Efficient Image Alignment with Outlier Rejection Revisited

Fast Image Alignment in 2023⌗

Why write a paper when it can be accomplished with a blog post?

This post is about sharing my experience implementing a paper from 20 years ago: “Efficient Image Alignment with Outlier Rejection” (Ishikawa, Matthews, Baker, 2002)

The simple and fast “classical” algorithm described by the paper still has applications today. Since the algorithm is designed for previous generations of hardware, it can be implemented entirely on a modern CPU and still run at 200 FPS on an edge device like the Jetson Orin. Also since the algorithm doesn’t depend on a keypoint detector like e.g. SIFT features, it doesn’t depend on there being detectable keypoints in the image, which is useful for scenes of just sky and moving water.

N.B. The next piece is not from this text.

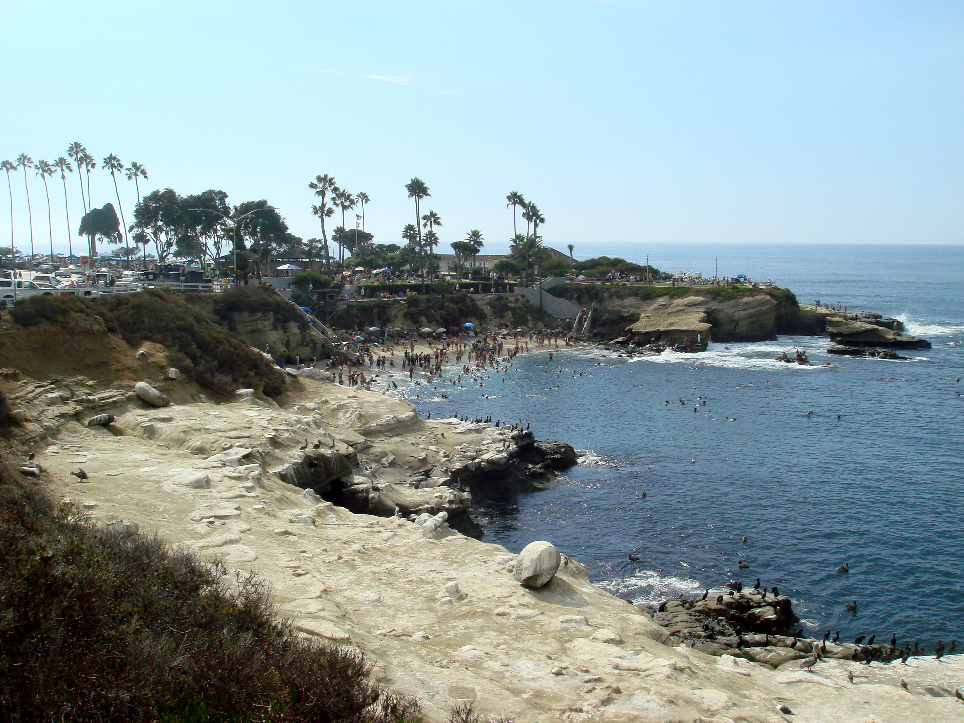 La Jolla Cove in La Jolla, San Diego, California on a holiday (Labor Day) weekend.

In this post I describe 4 major modern improvements to the Robust Inverse Compositional algorithm, and also 5 details that have a measurable impact on the speed or quality of image alignment.

Foundations⌗

The “Efficient Image Alignment with Outlier Rejection” paper presents a modification of the Lucas-Kanade Inverse Compositional algorithm. There are a series of papers beginning with “Lucas-Kanade 20 Years On: An Unifying Framework” (Baker & Matthews, 2003) that best describe this algorithm and its performance benefits.

Note that the family of Lucas-Kanade algorithms is making the assumption that the images are within about 1 pixel of correct alignment already. What this means is that in order to align images that are farther apart, an image pyramid is used.

An image pyramid is constructed by (Gaussian) downsampling the full-resolution images to be half the size, and then repeating that operation until they are very small. For example it could stop when the images have a dimension smaller than 32 pixels to a side. We have to stop at about 32x32 pixels since we stop having image edges useful for alignment beyond that point. As an example, if the input image has a size of 512x512 pixels, then the image pyramid consists of 5 images: 512x512, 256x256, 128x128, 64x64, 32x32.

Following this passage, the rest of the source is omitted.